In a merchandise depth test, a retail chain introduces new products at a small sample of selected stores for a short period prior to the primary selling season and uses the observed sales to forecast demand for the entire chain. We describe a method for resolving two key questions in merchandise testing: 1 which stores to use for the test and 2 how to extrapolate from test sales to create a forecast of total season demand for each product for the chain. Our method uses sales history of products sold in a prior season, similar to those to be tested, to devise a testing program that would have been optimal if it had been applied to this historical sample. Optimality is defined as minimizing the cost of conducting the test, plus the cost of over-and understocking of the products whose supply is to be guided by the test.
To determine the best set of test stores, we apply a k-median model to cluster the stores of the chain based on a store similarity measure defined by sales history, and then choose one test store from each cluster. A linear programming model is used to fit a formula that is then used to predict total sales from test sales.

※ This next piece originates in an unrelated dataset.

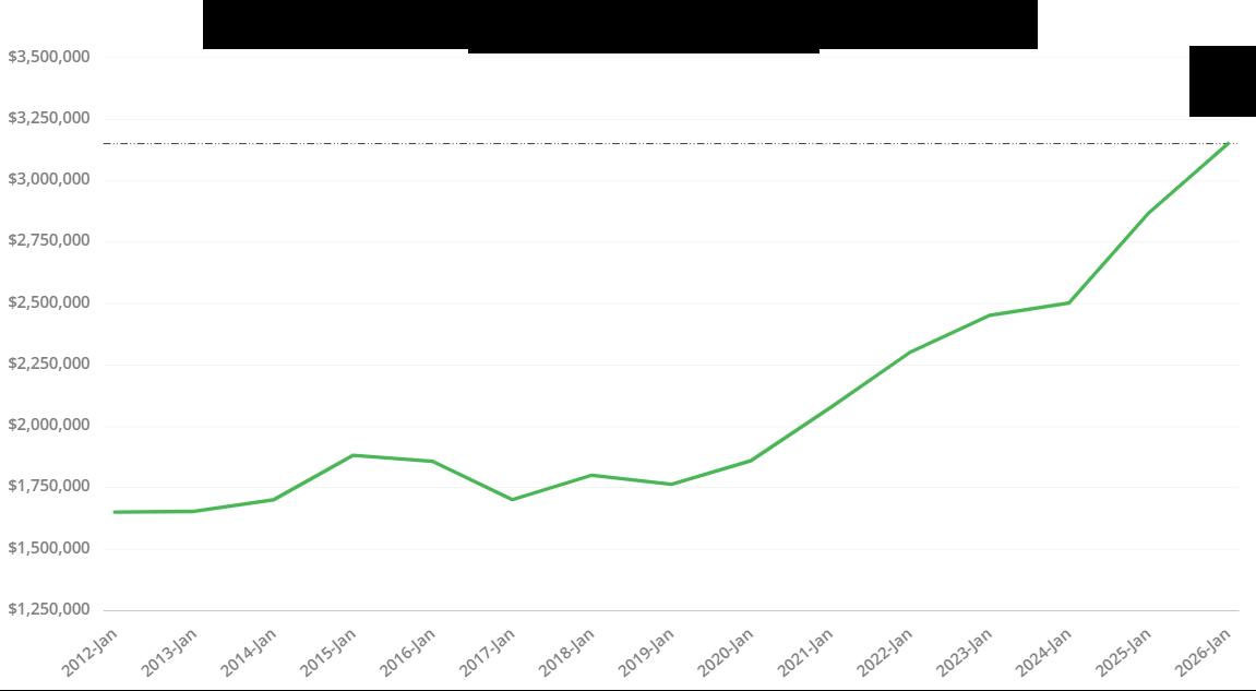 Single-family sales increased 3% in 2025, with Q4 emerging as the strongest quarter of the year. A total of 125 sales closed in Q4, up 6.8% YoY from 117, underscoring sustained demand despite limited supply. The median sale price rose 9.9% YoY to $3,150,000, up from $2,866,300 in 2024. Inventory continued to tighten, with just 650 single-family homes available throughout the year, down 4% from 677 the prior year.
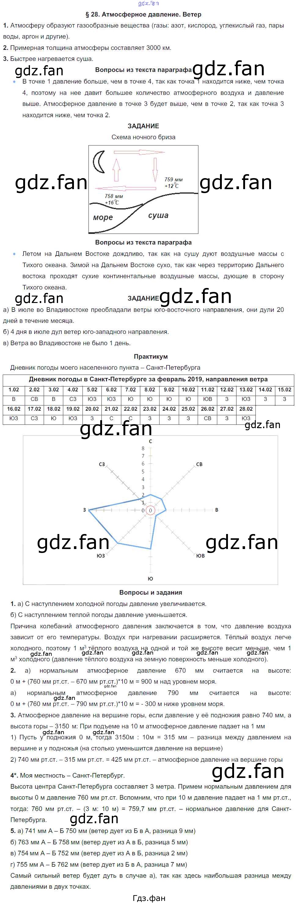 Проверка домашнего задания всегда занимает большое количество времени. На помощь приходит ГДЗ фан по Географии шестого класса. Здесь собраны популярные ответы на §28. Атмосферное давление. Ветер География. Начальный курс 6 класс Герасимова Т.В.

We applied our method at a large retailer that specializes in women's apparel and at two major shoe retailers, comparing results in each case to the existing process used by the apparel retailer and to some standard statistical approaches such as forward selection and backward elimination. We also tested a version of our method in which clustering was based on a combination of several store descriptors such as location, type of store, ethnicity of the neighborhood of location, total store sales, and average temperature of the store location. We found that relative to these other methods, our approach could significantly improve forecasts and reduce markdowns that result from excessive inventory, and lost margins resulting from stockouts. At the apparel retailer the improvement was enough to increase profits by more than 100%.
We believe that one reason our method outperforms the forward selection and backward elimination methods is that these methods seek to minimize squared errors, while our method optimizes the true cost of forecast errors. In addition, our approach, which is based purely on sales, outperforms descriptor variables because it is not always clear which are the best store descriptors and how best to combine them. However, the sales-based process is completely objective and directly corresponds to the retailer's objective of minimizing the understock and overstock costs of forecast error.

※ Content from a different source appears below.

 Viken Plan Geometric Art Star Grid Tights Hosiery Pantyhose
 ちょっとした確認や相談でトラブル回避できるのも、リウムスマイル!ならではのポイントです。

We examined the stores within each of the clusters formed by our method to identify common factors that might explain their similar sales patterns. The main factor was the similarity in climate within a cluster. This was followed by the ethnicity of the neighborhood where the store is located, and the type of store. We also found that, contrary to popular belief, store size and location had little impact on sales patterns.
In addition, this technique could also be used to determine the inventory allocation to individual stores within a cluster and to minimize lost demand resulting from inaccurate distribution across size. Finally, our method provides a logical framework for implementing micromerchandising, a practice followed by a significant number of retailers in which a unique assortment of merchandise is offered in each store or a group of similar stores tuned to maximize the appeal to customers of that store. Each cluster formed by our algorithm could be treated as a "virtual chain" within the larger chain, which is managed separately and in a consistent manner in terms of product mix, timing of delivery, advertising message, and store layout.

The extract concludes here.